Szyrocki 1997, S.67), welche Traditionen der neulateinischen
Dichtung fortsetzte, bezieht den Leser "von vornherein in eine
Antithetik (ein), die erst aus der letzten Zeile ersichtlich wird,
deren Versrhythmus als einziger mit dem der ersten Zeile identisch
ist. Beide Zeilen zusammen bilden ein Kontrastpaar, das die
dazwischen liegenden zwölf Zeilen in die Polarität von irdischer
Vergänglichkeit und christlicher Ewigkeitslehre stellt." (ebd.)
Auf diese Weise wird die antithetische Struktur des Gedichts mit
Versmaß und der intensiven Bildlichkeit noch stärker betont. Mit dem
Alexandrinervers mit seiner klaren Zäsur nach der dritten Hebung,
"entsteht eine Mitteldiärese*, die es Gryphius ermöglicht, die
zwei Halbverse einer Zeile antithetisch zu gestalten, ohne dabei
gegen den Sprachrhythmus schreiben zu müssen." (ebd.)

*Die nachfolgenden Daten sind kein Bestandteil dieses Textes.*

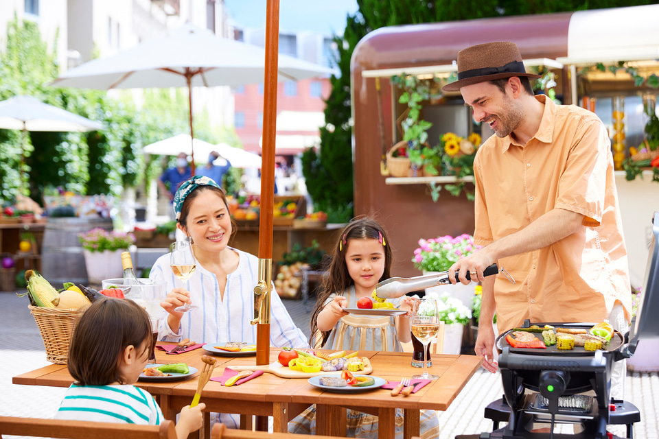 会場には購入した野菜をその場で焼いて味わえる、バーベキューエリアも用意されている。トングとカトラリーが付いている「グリル台セット」をレンタルし、キッチンカーで販売されているカットした10種類の「野菜セット」を用意すれば手軽にバーベキューが楽しめる。ピーマン通りの店舗で買ったソーセージやベーコンを一緒に焼いて味わうのもお勧めとのこと。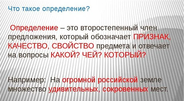 Определение — это второстепенный член предложения, обозначающий признак предмета и отвечающий на вопросы «какой?», «чей?».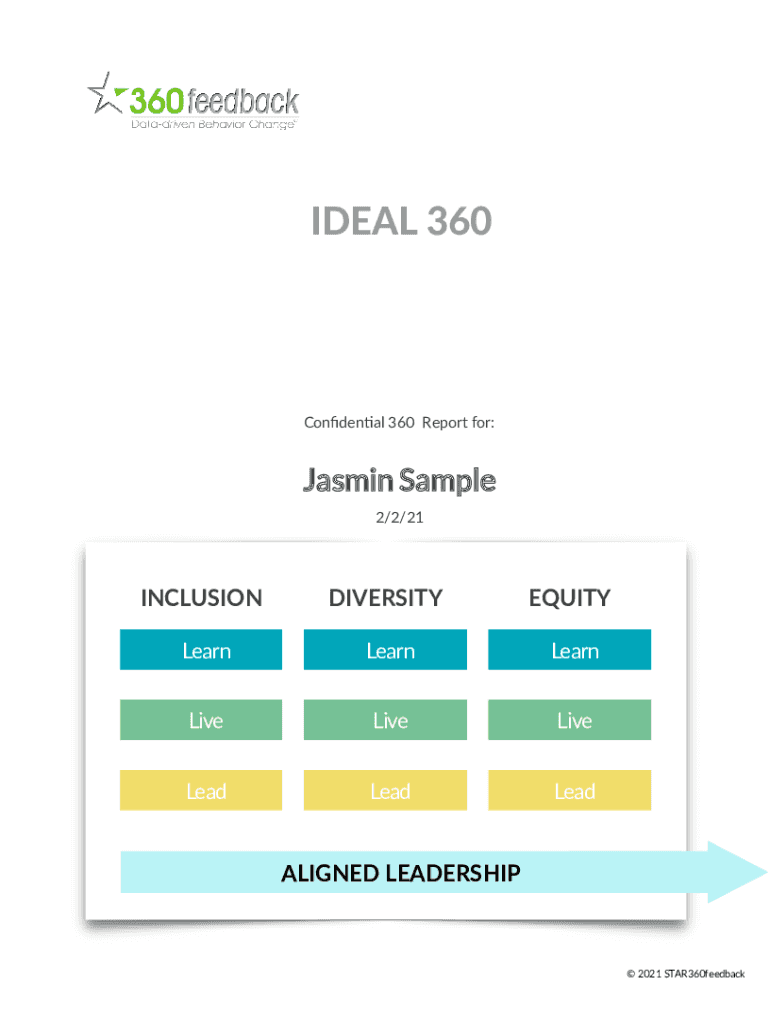 IDEAL 360Conden\'all 360 Report for:Jasmin Sample 2/2/21INCLUSIONDIVERSITYEQUITYLearnLearnLearnLiveLiveLiveLeadLeadLeadALIGNED LEADERSHIP 2021 STAR360feedbackWhat\'s In This Report Pageboy Feedback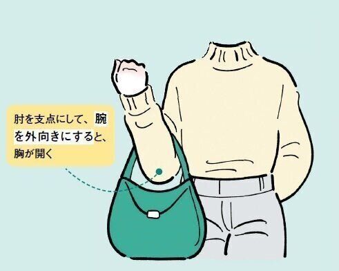 腕を内向きにしてバッグを掛けると、肩が丸まり、背中に肉が付きやすくなります。腕を外向きにして持つと、胸が開き、見た目も美しく!バッグを持つ手を時々入れ替えてバランスを取りましょう。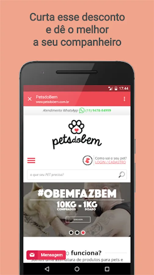 My Pet has a partnership with PetsdoBem, and with that you get a discount³ on your first purchase on the site, which in addition to food has several products for your pet.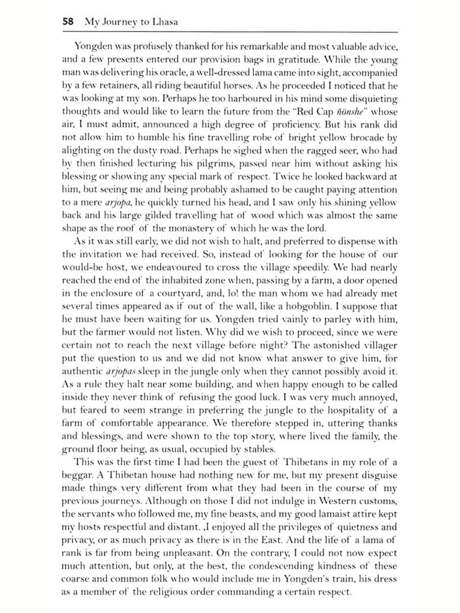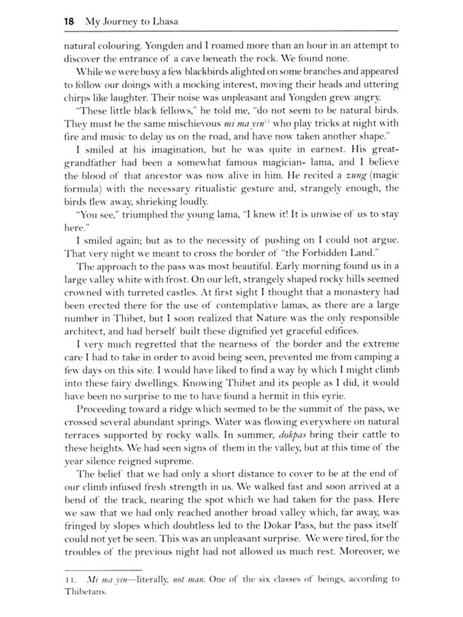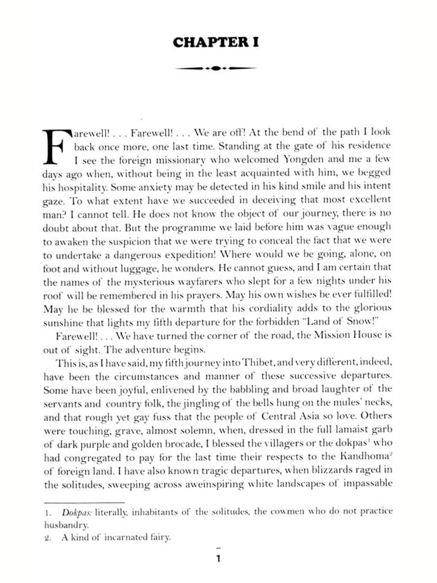 However, the very peculiar natural aspect of Thibet is not the only reason for the attraction which that country has exercised over me. Like many Oriental scholars, of whom I am but an humble colleague, I deeply regret the loss, in their Sanskrit original, of a number of Mahåyånist Buddhist Scriptures. These are more or less available in Chinese translations, but what is the extent of the Thibetan translation and what original philosophic and mystic works have been written by Thibetan authors, either in accordance with Mahayânist doctrines or contrary to them, is as much terra incognita as the land of Thibet itself. Thus, hunting after books and old manuscripts and seeking meetings with the literati of the country became my self-assigned task. Anyhow, things could not end there.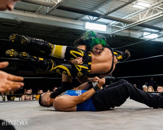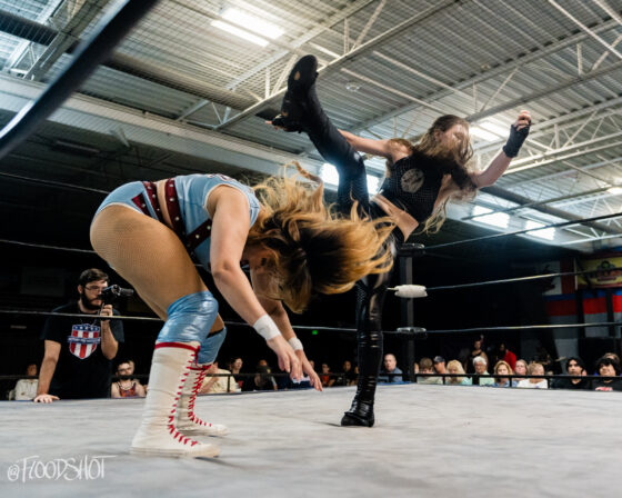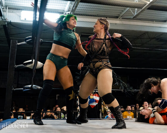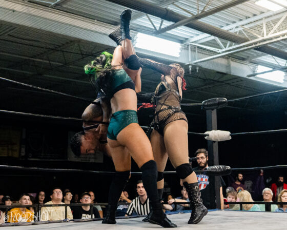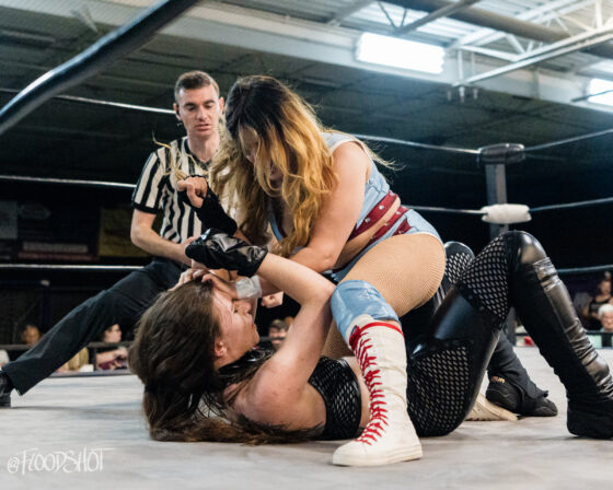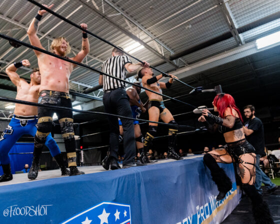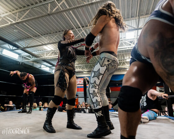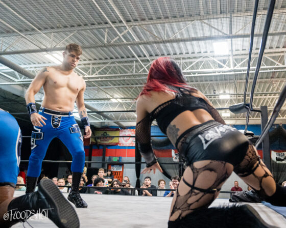 The match starts quickly with the Rat Bastards and Security Inc. brawling all around the ring and ringside area. Security Inc. stands tall in the early going, as the Rat Bastard’s are forced to regroup on the outside. However, this quickly changed when Amity LaVey low-blows Malcolm Murray, and the fight between these two teams spilled over into the crowd. LaVey continues to get involved, which draws out Scarlett Meidan. What was supposed to be a two-on-two match turned into a six-person tag team match. The match officially begins with LaVey and Meidan as the legal competitors brawling in the ring.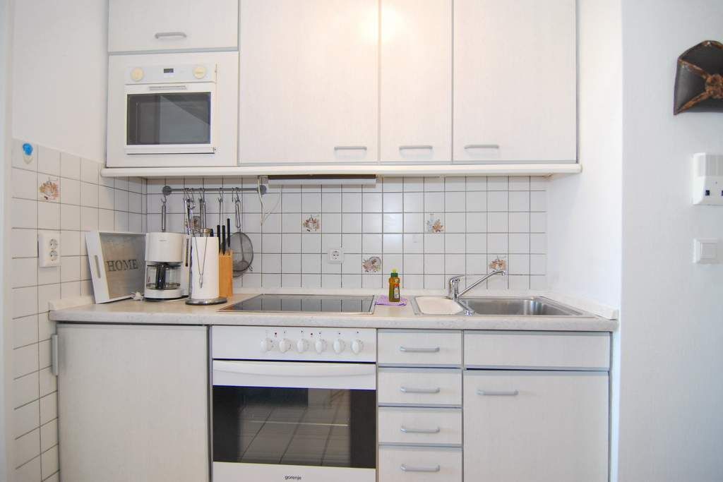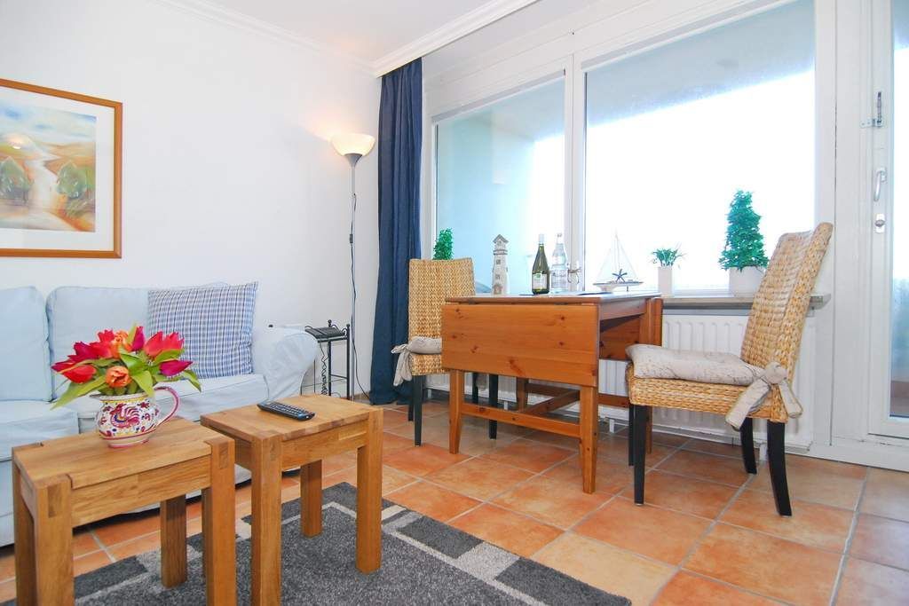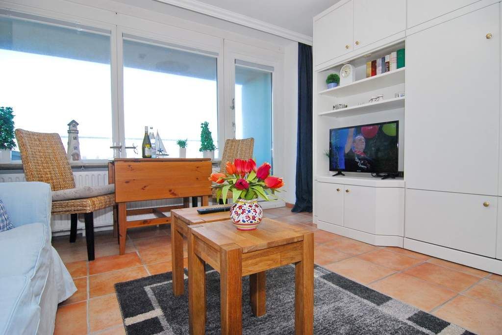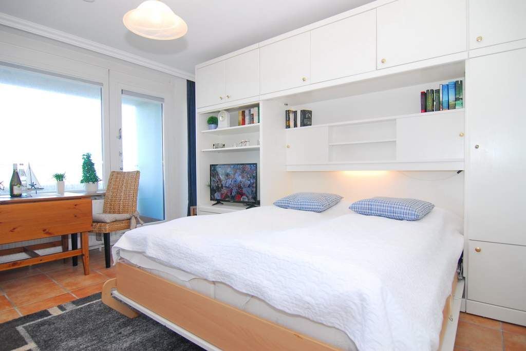 1-Zimmer-Ferienwohnung, ca. 30 qm, im 4. OG zur Landseite Haus Metropol. Nichtraucher-Whg.! Wohn-/ Schlafraum mit Doppelschrankbett, Couch und Sessel, Eßplatz am Fenster, Radio, Kabel-TV, W-Lan (ohne Gewähr), Küchenzeile im Flurbereich mit Mikrowelle, Duschbad/WC. Das Appartement ist gefliest. Ostbalkon mit Balkonmöbeln. Tierhaltung ist nicht gestattet! Bettwäsche und Handtücher sind zur Anreise aufgezogen. Ein PKW-Stellplatz kann kostenpflichtig zugebucht werden.

Das wiederum hat zur Folge, dass sich "die Bildlichkeit, die
durchgängig auf Kontrastmetaphern beruht, nahtlos in das vorgegebene
Versschema ein (fügt). Die Gegensatzpaare von bauen und einreißen,
von Stadt und Wiese, von Glück und Beschwerden und schließlich von
Ruhm und Traum dienen einzig dem Zweck, die Bedingtheit alles
Zeitlichen, d.h. den Vergänglichkeitsgedanken in konkreten Bildern
dem Leser vor Augen zu führen." (ebd.)
Der Gedanke an die Vergänglichkeit allen Daseins wird in dem Gedicht
von Gryphius mit der Hilfe biblischer Bildlichkeit zu einer
"Schreckensmetaphorik" (ebd.),
die den Leser mahnt: "Betrachte die eigentlichen Werte der
menschlichen Existenz, gedenke deines ewigen Seelenheils,
andernfalls bist du verloren! Dieser offensichtliche
Lebenspessimismus, hervorgerufen durch die tiefe
Glaubenserschütterung seiner Zeit und dargestellt mit fast
missionarischem Unterton, ist typisch für die Gryphsche Lyrik." (ebd.)
WORTERKLÄRUNGEN:
** Diärese (griech.) starke Zäsur: zugleich Ende eines Versfußes und eines
Wortes; typisch für den Alexandriner.